NGOs form MPA Legal Coalition to force better preservation of Europe's marine protected areas

The North Sea shoreline in Denmark
The coalition aims to use legal mechanisms to effect change rather than angling for shifts in policy | Photo courtesy of Cavan-Images/Shutterstock
6 Min

A coalition of 11 environmental organizations has launched a legal initiative aimed at compelling European governments to better safeguard marine protected areas (MPAs).

The formation of the MPA Legal Coalition – which brings together the Blue Marine Foundation, BUND, ClientEarth, Danmarks Naturfredningsforening, Défense des Milieux Aquatiques, Doggerland, DUH, the Environmental Justice Foundation (EJF), Manche Nature, Oceana, and Seas At Risk – comes one year after environmental groups filed legal complaints with the European Commission against Denmark, France, Germany, Italy, the Netherlands, and Spain, alleging the countries failed to protect MPAs by continuing to allow bottom trawling and other fishing activities that they insist are incompatible with the conservation objectives of those sites.

Although the complaints remain under consideration, the newly formed coalition said the commission has yet to take meaningful enforcement action. To force such action, the coalition intends to use coordinated litigation and legal advocacy to ensure existing MPA laws are properly applied, rather than focusing primarily on policy advocacy.

"The ocean can't keep on waiting," ClientEarth Lead of Marine Ecosystems John Condon told SeafoodSource. "We need to hold governments across Europe accountable so that they enforce existing laws and answer for their failures to protect critical marine habitats as a healthy ocean is the basis for economic prosperity and marine biodiversity. The formation of the MPA Legal Coalition partly reflects this frustration, also aimed at putting pressure on the commission to fulfill its role as guardian of the treaties.”

According to the coalition, the issue is not a lack of legislation, but a failure to implement laws already in place under the E.U. Habitats Directive, as well as related environmental legislation.

For instance, EJF Senior Ocean Policy Advisor Marie Colombier said governments have consistently failed to carry out required assessments before allowing commercial fishing activities within protected sites.

"The complaints identify the same issues across all the countries concerned: Governments are failing to protect marine sites from the impacts of bottom trawling, despite being legally required to do so under E.U. law," she said. "In many cases, authorities have not set clear conservation objectives and measures tailored to the protected seabed habitats found in these sites. Instead of carrying out the assessments required by law before allowing commercial fishing activities, governments continue to permit bottom trawling under broad, general fishing authorizations.

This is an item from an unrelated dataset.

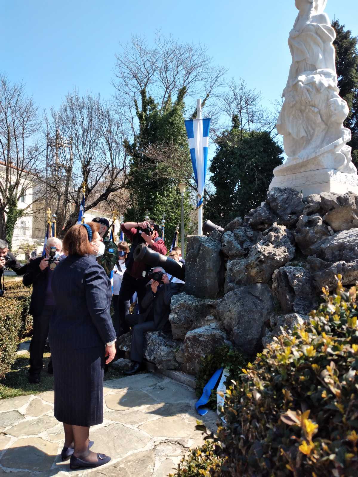 Την κυβέρνηση εκπροσώπησε στις επετειακές εκδηλώσεις η υπουργός Πολιτισμού Λίνα Μενδώνη, που αναφέρθηκε στο μήνυμα της επικαιροποίησης των πανανθρώπινων αξιών της ελευθερίας και της ανεξαρτησίας απέναντι στον αυταρχικό δεσποτισμό, μιλώντας για τον πόλεμο στην Ουκρανία.

Advocacy can shape policy and commitments, but litigation is key to bringing about compliance."

Colombier highlighted that court rulings involving the Dutch Dogger Bank and France's Banc des Flandres have demonstrated that judicial intervention could succeed where political processes had stalled, helping the coalition hone in on its strategy of turning to the courts, instead of trying to effect policy change.

The coalition's wider objective is improved enforcement of environmental legislation overall, but bottom trawling is the current central focus of its legal strategy.

Campaigners argue that extensive scientific evidence demonstrates the impacts of the fishing method on sensitive seabed habitats, while the coalition notes official European Commission data that determines 79 percent of Europe's coastal seabed is physically disturbed, primarily due to bottom trawling.

However, Condon said that does not mean all fishing should be excluded from MPAs, provided independent scientific assessments demonstrate that operations are compatible with conservation objectives.

"Certain fishing gear may be permitted within a marine protected area where an appropriate assessment demonstrates that they have no significant impact, or only a limited impact, on the protected habitats and species," he said while emphasizing that such assessments must be transparent, independent, and science-based.

The coalition rejected suggestions that stronger protection of MPAs would inevitably come at the expense of fishing communities, with Colombier saying, instead, that many small-scale fishers shared the coalition’s conservation objectives because their livelihoods depend on healthy marine ecosystems.

"We understand the socioeconomic concerns from fishing communities and believe that a just transition should ensure small-scale, artisanal fishers are not left behind,” she said, arguing that many of the sector's economic challenges stemmed not from environmental regulation but from decades of overfishing, fleet overcapacity, and inconsistent enforcement. "Legal restrictions on destructive fishing activities within MPAs aim to restore ecosystems and ensure the long-term health of fish stocks and the resilience of coastal communities."

Looking ahead, the coalition said meaningful progress over the next year would include the European Commission opening infringement proceedings against member nations where evidence of noncompliance exists and considering interim protection measures where vulnerable habitats remain at risk.

Ultimately, the group's ambition extends beyond legal complaints.

"Full compliance with E.U. law in all marine protected areas is what success looks like," Rondon said, adding that an E.U.-wide prohibition on bottom trawling within all MPAs would provide a simple and consistent rule for regulators and fishers alike while ensuring sites designated for conservation receive what the coalition considers a minimum standard of protection.